WHAT YOU NEED TO DO> Can you write out every line from the start of the records below through the line containing "2023年中まで設けられてい", leaving out any pictures?

PROVIDED RECORDS>
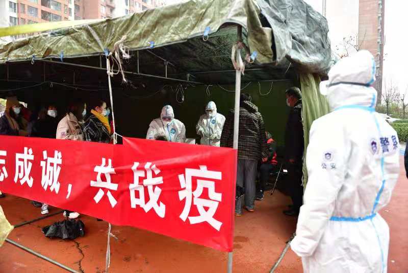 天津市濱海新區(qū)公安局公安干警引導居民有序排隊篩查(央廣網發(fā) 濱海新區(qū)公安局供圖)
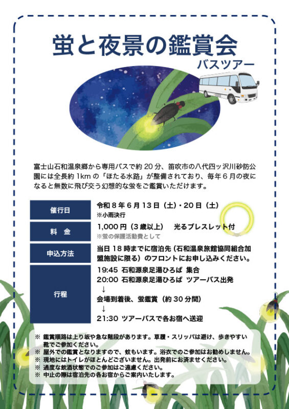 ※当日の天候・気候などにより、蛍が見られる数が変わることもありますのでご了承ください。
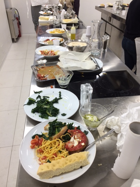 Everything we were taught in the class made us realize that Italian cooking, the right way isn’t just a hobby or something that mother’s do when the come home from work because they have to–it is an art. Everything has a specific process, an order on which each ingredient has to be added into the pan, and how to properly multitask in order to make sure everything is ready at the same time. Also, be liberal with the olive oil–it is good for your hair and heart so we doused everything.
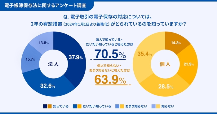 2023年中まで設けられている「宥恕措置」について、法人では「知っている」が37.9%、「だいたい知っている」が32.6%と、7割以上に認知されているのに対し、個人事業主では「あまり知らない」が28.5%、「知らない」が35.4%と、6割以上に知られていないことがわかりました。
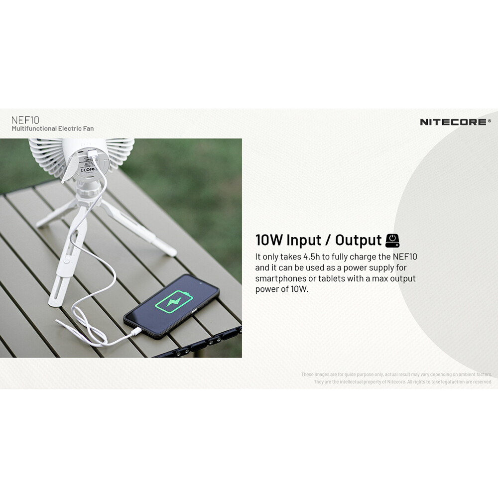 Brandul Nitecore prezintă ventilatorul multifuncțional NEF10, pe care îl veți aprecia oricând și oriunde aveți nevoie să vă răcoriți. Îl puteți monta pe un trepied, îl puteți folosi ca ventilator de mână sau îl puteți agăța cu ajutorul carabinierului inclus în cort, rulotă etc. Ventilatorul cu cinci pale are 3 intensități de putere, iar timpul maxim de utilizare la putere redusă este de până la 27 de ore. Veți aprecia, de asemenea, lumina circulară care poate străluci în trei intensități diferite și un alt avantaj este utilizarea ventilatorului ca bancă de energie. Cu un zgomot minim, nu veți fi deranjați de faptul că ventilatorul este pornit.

FINAL ANSWER>
 天津市濱海新區(qū)公安局公安干警引導居民有序排隊篩查(央廣網發(fā) 濱海新區(qū)公安局供圖)
 ※当日の天候・気候などにより、蛍が見られる数が変わることもありますのでご了承ください。
 Everything we were taught in the class made us realize that Italian cooking, the right way isn’t just a hobby or something that mother’s do when the come home from work because they have to–it is an art. Everything has a specific process, an order on which each ingredient has to be added into the pan, and how to properly multitask in order to make sure everything is ready at the same time. Also, be liberal with the olive oil–it is good for your hair and heart so we doused everything.
 2023年中まで設けられている「宥恕措置」について、法人では「知っている」が37.9%、「だいたい知っている」が32.6%と、7割以上に認知されているのに対し、個人事業主では「あまり知らない」が28.5%、「知らない」が35.4%と、6割以上に知られていないことがわかりました。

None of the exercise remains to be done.